In the first step and the second step, the process of liquid phase epitaxial growth of the gallium nitride single crystal specifically comprises: putting metal sodium, metal gallium, a carbon nitride additive (such as nitrided mesoporous carbon or graphite or graphene, the addition ratio of which is 0.005-1.0 mol% of the total amount of sodium and gallium) and seed crystals into a crucible in a glove box which is water-and oxygen-insulated, transferring the crucible into liquid phase epitaxial growth equipment, and carrying out liquid phase epitaxial growth of gallium nitride single crystals by a fluxing agent method under the conditions of 3-10 MPa pressure and 700-1000 ℃. It should be understood that the above-mentioned embodiments are merely illustrative of the technical concepts and features of the present invention, which are intended to enable those skilled in the art to understand the contents of the present invention and implement the present invention, and therefore, the protection scope of the present invention is not limited thereby. All equivalent changes and modifications made according to the spirit of the present invention should be covered within the protection scope of the present invention.

Claims

1. A method for growing gallium nitride single crystal with extremely low dislocation density by flux method is characterized by comprising:

arranging a graphical mask on the gallium nitride substrate;

growing and obtaining the low dislocation density gallium nitride single crystal by using the gallium nitride substrate as a seed crystal and utilizing a liquid phase epitaxy method, wherein the dislocation density in the low dislocation density gallium nitride single crystal is 10⁴~10⁶cm^-2；

Carrying out chemical polishing treatment on the low dislocation density gallium nitride single crystal, carrying out dislocation selective corrosion on the low dislocation density gallium nitride single crystal by adopting molten KOH or molten NaOH to enable a hole structure with the depth of 10-500 mu m to be formed in a threading dislocation area, enabling an area which is not corroded to be a threading dislocation area or a low threading dislocation area, and then carrying out landfill treatment on the corrosion area by adopting an evaporation or spin coating mode to obtain the gallium nitride single crystal containing a landfill object, wherein the landfill object is made of metal and/or metal compound, the metal is Ga or Al, and the metal compound is GaCl₃Or AlCl₃(ii) a And

taking gallium nitride single crystal containing landfill as seed crystal, and growing by using a liquid phase epitaxy method to obtain the gallium nitride single crystal with extremely low dislocation density, wherein the dislocation density in the gallium nitride single crystal with extremely low dislocation density is 10²~10⁴cm^-2。

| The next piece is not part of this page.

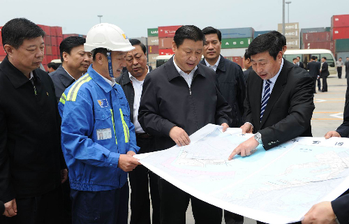 ????2008年5月8日,中共中央政治局常委、書記處書記、國家副主席習近平來港視察,并親切看望振超團隊。省委書記姜異康,省委副書記、省長姜大明,省委常委、市委書記閻啟俊,市委副書記、市長夏耕等省市領(lǐng)導陪同。

2. The flux method according to claim 1A method for growing a gallium nitride single crystal with a very low dislocation density, characterized in that: the mask is made of Ti, Ni and TiO₂Or SiO₂。

3. The flux-assisted method of growing very low dislocation density gallium nitride single crystals according to claim 1, wherein: the thickness of the mask is 1-100 μm.

4. The flux-assisted method of growing very low dislocation density gallium nitride single crystals according to claim 1, wherein: the gallium nitride substrate comprises a heteroepitaxial or homoepitaxial gallium nitride substrate.